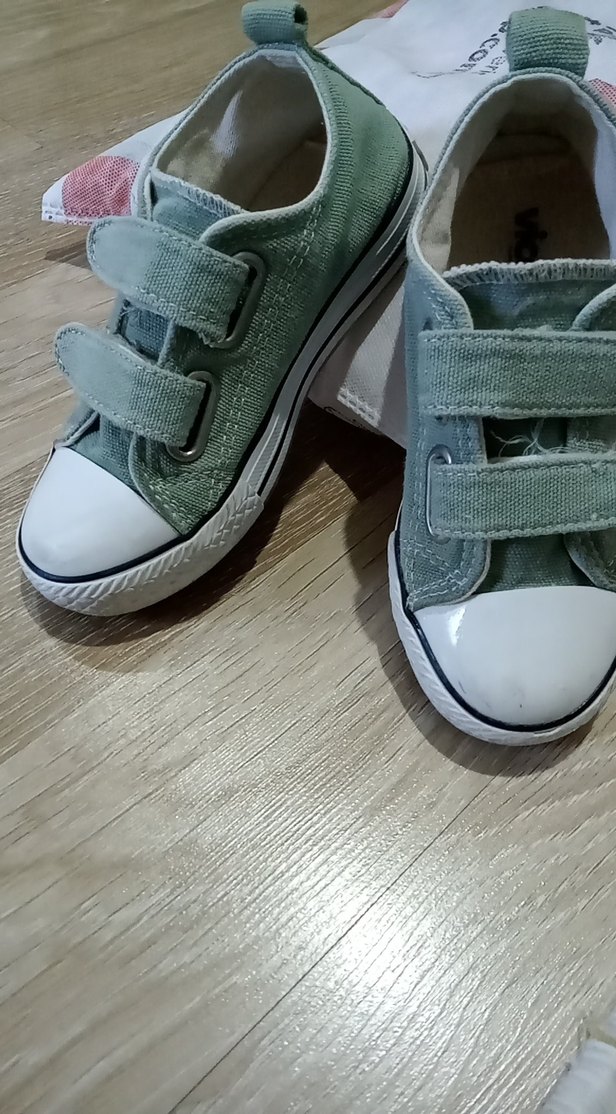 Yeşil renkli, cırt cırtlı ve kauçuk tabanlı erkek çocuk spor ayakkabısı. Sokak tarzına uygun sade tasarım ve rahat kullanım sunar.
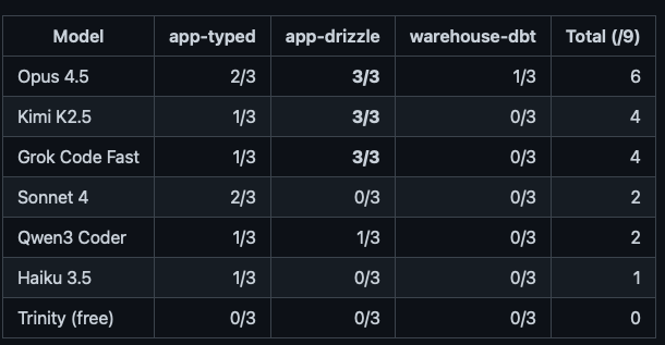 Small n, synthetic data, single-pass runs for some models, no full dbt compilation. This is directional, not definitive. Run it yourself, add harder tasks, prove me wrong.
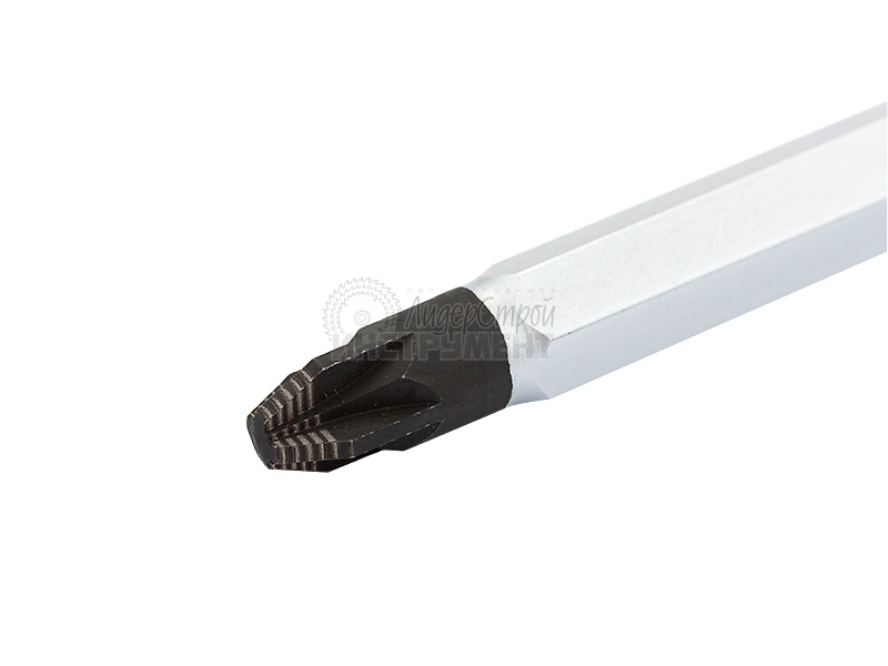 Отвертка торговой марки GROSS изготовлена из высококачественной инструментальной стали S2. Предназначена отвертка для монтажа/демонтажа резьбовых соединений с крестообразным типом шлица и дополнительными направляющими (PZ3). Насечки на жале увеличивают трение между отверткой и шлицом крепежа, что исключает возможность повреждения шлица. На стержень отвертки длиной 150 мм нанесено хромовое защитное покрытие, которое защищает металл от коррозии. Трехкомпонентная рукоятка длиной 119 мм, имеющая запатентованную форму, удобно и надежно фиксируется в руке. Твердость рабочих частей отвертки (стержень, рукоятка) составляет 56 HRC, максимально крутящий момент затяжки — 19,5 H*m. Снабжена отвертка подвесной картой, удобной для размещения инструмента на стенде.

+-------+

## [EXERCISE OBJECTIVE]
Return the listing above word for word. Keep the images out.

## [YOUR RESPONSE]
 Yeşil renkli, cırt cırtlı ve kauçuk tabanlı erkek çocuk spor ayakkabısı. Sokak tarzına uygun sade tasarım ve rahat kullanım sunar.
 Small n, synthetic data, single-pass runs for some models, no full dbt compilation. This is directional, not definitive. Run it yourself, add harder tasks, prove me wrong.
 Отвертка торговой марки GROSS изготовлена из высококачественной инструментальной стали S2. Предназначена отвертка для монтажа/демонтажа резьбовых соединений с крестообразным типом шлица и дополнительными направляющими (PZ3). Насечки на жале увеличивают трение между отверткой и шлицом крепежа, что исключает возможность повреждения шлица. На стержень отвертки длиной 150 мм нанесено хромовое защитное покрытие, которое защищает металл от коррозии. Трехкомпонентная рукоятка длиной 119 мм, имеющая запатентованную форму, удобно и надежно фиксируется в руке. Твердость рабочих частей отвертки (стержень, рукоятка) составляет 56 HRC, максимально крутящий момент затяжки — 19,5 H*m. Снабжена отвертка подвесной картой, удобной для размещения инструмента на стенде.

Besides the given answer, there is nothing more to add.